As an example, let's say you want to build an iOS application. If you go on UpWork with all of your business requirements for an iOS application and create a job posting, you're throwing money into the wind. You're asking for an abstraction of technologies and you're paying for someone to do your critical thinking. Critical thinking costs a lot of money. They will have to figure out how to build the three screens that you asked for on the front-end. They will need to standup all of the services / infrastructure on the back-end to facilitate functionality. And they will need to figure out how to stitch the front-end to the back-end. Front-end + back-end talent usually operate in silos (different skill-sets), so you will need to hire an agency. You're going to need deep pockets to go this route.

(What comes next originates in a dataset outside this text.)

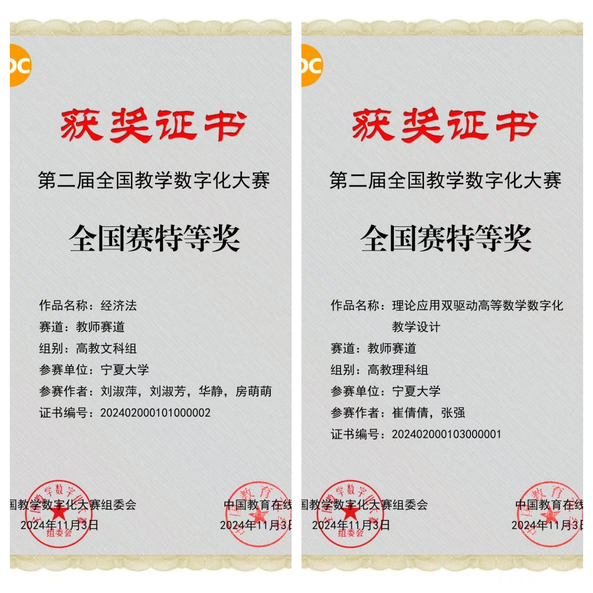 【宁夏大学新闻中心讯 本科生院】11月1日—3日,第二届全国教学数字化大赛全国总决赛在首都经济贸易大学圆满落幕。我校刘淑萍、崔倩倩、李茹一和詹银晓教师团队的参赛作品分别荣获教师赛道文科组特等奖、理科组特等奖、工科组一等奖和二等奖,邓文韬老师指导的刘佳瑶等同学在学生赛道荣获一等奖,宁夏大学荣获优秀组织奖。

But what if you understood the architecture of what you are trying to build? Let's say you invested the time to understand the "blueprint" of an end-to-end iOS application. You would be able to delineate front-end from back-end work. Drilling down deeper into the front-end, you would come to understand the MVVM software design pattern and understand how data moves through an application. You'd learn that once a solid MVVM design pattern is put in place, generating screens iOS development is borderline trivial. Objective C & SWIFT skills (the language that iOS applications / screens are written in) are commodity.

Instead of paying $25 - 100K for your prototype, you could pay $1,500 for the front-end. I know this because I just did this. I had 20 individuals submit proposals. The average "non-technical" individual is too abstracted from the actual solution that is being built. As an analogy, you need to BE the General Contractor and sub out the work. You don't need to be the plumber. That's not your job. But you need to know the abstraction of "how plumbing is supposed to work". The end-goal is distilling work deliverables down to functional, commoditized skills. You don't need to be a software engineer to do this.

 

How did you learn the technical background to even know what tasks to assign like that? Did you study CS in college or did you just do all that research independently?

 

They find devs.

Same type of guys that describe themselves as "idea guys", and will offer a generous 2% equity if you can help engineer and develop the whole product, from start to finish.

 

Like other people have said, you can often outsource development, especially if the tech startup isn't super difficult- I'm a college CS major and I could probably code a tinder knockoff in a weekend if I put my mind to it.

Having worked at a VC though, most of the good ones will see through that. Especially from a top VC fund, they strongly prefer to fund companies where the founder built it or at the very least there is a technical co-founder- these guys have seen enough companies where some business guy thinks their the shit but doesn't know anything about tech, hires developers from India for pennies, and then acts surprised when the product sucks.

Obviously there are examples of successful companies that don't have a tech co-founder, but those are few and far between. Look up any unicorn and I guarantee 99% have a co-founder who built the original thing.

 

its both. if you ask the community for a great idea for a startup, you'd be surprised at how few truly great ideas you would get.

at the same time, there are lots of decent ideas that would take too much work for the idea generator to execute themselves

 

Wasn't expect this many comments. All great insights.

I asked the question although I'm learning iOS development myself. Given some experience in programming I'm confident, but I am so curious about how non-technical founders did it that I need to ask this question to a group of trusted professionals (I do not mean to flatter...)

Please keep posting your comments. Thanks.